The government has not yet notified the provisions relating to bankruptcy of natural persons. Hence, this book is confined to insolvency of enterprises. Suffice to state that personal insolvency is not only an economic phenomenon but has deep social and cultural connotations. It is perceived differently by various sections of society, and has different implications for individuals and communities, and the social fabric they form part of. When notified, the bankruptcy provisions will apply to over 1.25 billion people living across the length and breadth of the country, with diverse cultures, traditions, customs and way of life. The stakeholders, principles, approach and outcomes of personal insolvency are different from that of insolvency of enterprises. One-size-fits-all approach to the entire population may not work. Filing bankruptcy is considered stigmatic in many societies in India. It impacts the social standing of individuals and their family members. This is one reason the personal insolvency is not used actively in India. Cultural-shift preparedness needs to be assessed and taken into account; otherwise implementation of the law would offer a number of challenges with concomitant delays. A separate book is required to discuss the law of bankruptcy of natural persons.
A strict timeline is necessary for all stages of insolvency. The total time-frame of 180 days provided for corporate rescue sets high expectation for the market. It would be challenging to meet this time-frame due to numerous processes and participating stakeholders involved unless adequate infrastructure and capacity is created in the involved institutions. The discipline of insolvency professionals is a new phenomenon and the market does not have a sufficient number of qualified and experienced insolvency professionals. Completing the process in such a short time will be immensely challenging for resolution professional who will have to manage the affairs and assets of the company while gathering information, settle claims and invite resolution plans from potential investors and other interested persons.

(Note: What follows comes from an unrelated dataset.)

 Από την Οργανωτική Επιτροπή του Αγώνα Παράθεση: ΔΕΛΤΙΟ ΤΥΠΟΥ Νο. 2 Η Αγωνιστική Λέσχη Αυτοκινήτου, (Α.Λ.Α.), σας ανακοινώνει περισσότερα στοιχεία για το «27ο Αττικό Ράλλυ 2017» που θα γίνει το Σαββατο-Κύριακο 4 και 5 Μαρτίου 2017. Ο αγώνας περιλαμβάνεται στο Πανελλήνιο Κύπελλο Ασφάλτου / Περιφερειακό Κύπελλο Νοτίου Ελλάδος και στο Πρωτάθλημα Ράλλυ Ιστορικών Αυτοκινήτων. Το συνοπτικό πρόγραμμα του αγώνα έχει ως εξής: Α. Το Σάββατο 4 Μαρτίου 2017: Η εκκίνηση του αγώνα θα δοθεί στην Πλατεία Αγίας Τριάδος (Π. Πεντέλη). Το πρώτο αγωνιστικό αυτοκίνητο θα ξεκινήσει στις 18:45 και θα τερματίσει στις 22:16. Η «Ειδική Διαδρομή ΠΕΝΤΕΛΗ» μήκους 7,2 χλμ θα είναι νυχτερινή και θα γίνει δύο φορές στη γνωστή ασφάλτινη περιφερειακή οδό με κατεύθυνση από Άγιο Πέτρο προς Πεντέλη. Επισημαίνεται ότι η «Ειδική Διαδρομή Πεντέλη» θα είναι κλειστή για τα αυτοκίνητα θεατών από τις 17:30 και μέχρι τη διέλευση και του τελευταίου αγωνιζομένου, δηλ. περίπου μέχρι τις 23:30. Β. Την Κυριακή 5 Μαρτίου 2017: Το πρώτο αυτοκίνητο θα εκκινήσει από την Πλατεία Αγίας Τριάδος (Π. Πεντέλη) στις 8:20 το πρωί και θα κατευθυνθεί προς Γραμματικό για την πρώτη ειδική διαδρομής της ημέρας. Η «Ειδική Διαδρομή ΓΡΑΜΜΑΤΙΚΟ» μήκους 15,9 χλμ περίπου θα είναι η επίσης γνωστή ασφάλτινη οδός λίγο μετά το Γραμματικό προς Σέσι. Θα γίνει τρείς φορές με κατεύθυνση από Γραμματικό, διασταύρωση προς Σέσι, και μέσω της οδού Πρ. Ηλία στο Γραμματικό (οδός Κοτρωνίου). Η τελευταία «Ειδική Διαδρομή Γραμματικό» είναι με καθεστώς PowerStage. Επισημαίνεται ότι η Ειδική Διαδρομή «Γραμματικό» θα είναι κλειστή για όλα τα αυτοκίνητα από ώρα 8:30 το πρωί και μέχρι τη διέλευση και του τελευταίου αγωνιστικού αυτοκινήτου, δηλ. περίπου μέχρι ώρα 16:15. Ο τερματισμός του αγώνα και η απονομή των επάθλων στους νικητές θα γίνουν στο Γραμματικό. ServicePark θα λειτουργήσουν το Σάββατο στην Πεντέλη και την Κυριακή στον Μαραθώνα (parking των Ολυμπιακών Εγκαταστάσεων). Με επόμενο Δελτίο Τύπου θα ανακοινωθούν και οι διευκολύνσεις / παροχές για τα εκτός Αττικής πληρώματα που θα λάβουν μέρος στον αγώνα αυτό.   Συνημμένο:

The government, National Company Law Tribunal and the private sector must work in close coordination to ensure that timelines are observed and IBC is successful.

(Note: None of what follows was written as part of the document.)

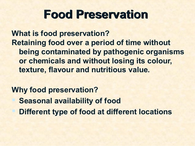 8 Methods Of Food Preservation. Food preservation is an action or method of designed to maintain foods at a desired level of quality. Food preservation, any of a number of methods by which food is kept from spoilage after harvest or slaughter.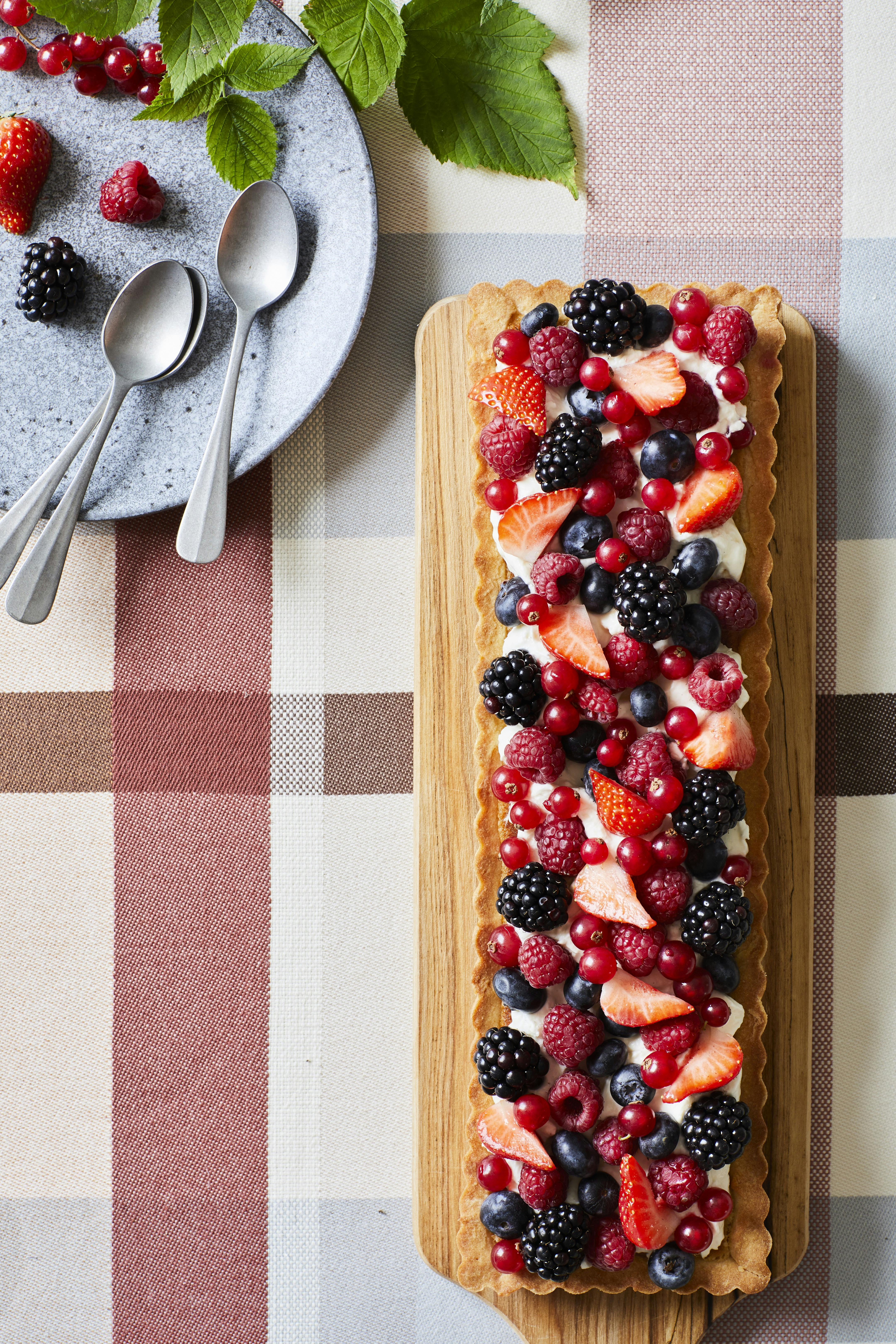 Mandeltærte med sommerbær

IBC is largely a sound piece of legislation. It has its flaws. History has shown that reforms rarely contain all the solutions needed to resolve all the problems of a legal system. The success of IBC will depend on how effectively it is implemented. IBC will have to sail through rough currents that may be created by implementation issues. We will need to patiently wait to find out if IBC will lead to the development of a robust corporate debt market and unlocking the flow of capital. But then as Joyce Meyer wrote, “patience is not the ability to wait but how you act while you are waiting”! All the stakeholders must act with this spirit. The baggage of the past must be shunned. It is time to follow the advice of Spinoza’s: “You don’t cry over your own story; you change course.” All said and done, the enactment of IBC is a big leap forward and there is every reason to smile as of now!